Results: Treatment groups did not differ in terms of age (median age: 50yrs). Patients undergoing Re-RT had more often WHO°III tumors (p<0.008) and higher performance scores (KPS) at the time of recurrence (p<0.03). Time to salvage treatment and OS was shorter in the BEV group (9.7months, 21months, p<0.0001) than in the Re-RT groups (20.6months, 30months, p<0.0001). Median PRS was longer in the Re-RT groups (9.3months vs. 6.6months, p<0.02). Multivariate models indicate a favorable prognostic role of a prolonged latency time between initial treatment and recurrence (p<0.01) and a KPS>70 on PRS (p<0.02).

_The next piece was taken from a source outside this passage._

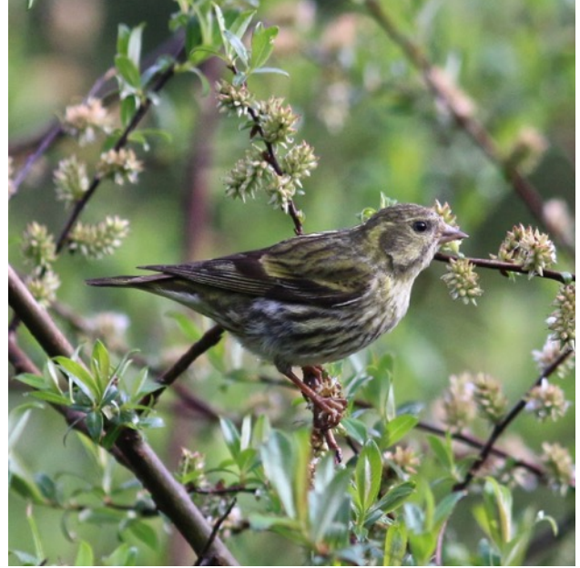
Tibetan Siskin male on left & female on right at Ruoergai

Salvage treatment strategies did not gain prognostic relevance. No influence on PRS was seen for age, gender, MGMT promoter methylation, IDH1/2 mutations and WHO grade.
Conclusions: Re-RT in combination with BEV might be an attractive salvage treatment strategy for highly selected patients. Whether Re-RT plus BEV is superior to BEV alone is unclear and deserves further prospective evaluation.